# reservoir sampling

(algorithm)

**Definition:**
Randomly select k items from a stream of items of unknown length. Save the first k items in an *array* of size k. For each item j, j > k, choose a random integer M from 1 to j (inclusive). If M ≤ k, replace item M of the array with item j.

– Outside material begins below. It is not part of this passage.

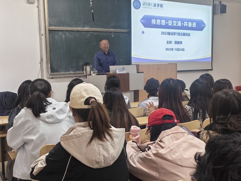 为深入贯彻落实学校领导联系班级制度,搭建领导与青年学子思想交流的桥梁,强化对青年学生的成长引领与价值塑造,10月24日下午,学校正处级统战联络专员郭建伟同志走进法学院 2023 级法学 1 班,以“传思想、促交流、共奋进”为主题开展专题班会,围绕“业”之核心,为同学们精准锚定成长坐标。

**Generalization** (I am a kind of ...)

*randomized algorithm*.

*Note:
Each possible selection of k items has an equal probability of occurring. *

*
** This algorithm is an in-memory variant of Knuth's Algorithm 3.4.2R [Knuth97, 2:144]. He credits Alan G. Waterman. This algorithm is suggested in exercise 10.*

Author: PEB

## Implementation

(Perl).
## More information

Sahil's explanation of correctness. The extension to distributed reservoir sampling is flawed.

Vitter's algorithms X, Y, and Z use far fewer random numbers by choosing how many items to skip, rather than deciding whether or not to skip each item.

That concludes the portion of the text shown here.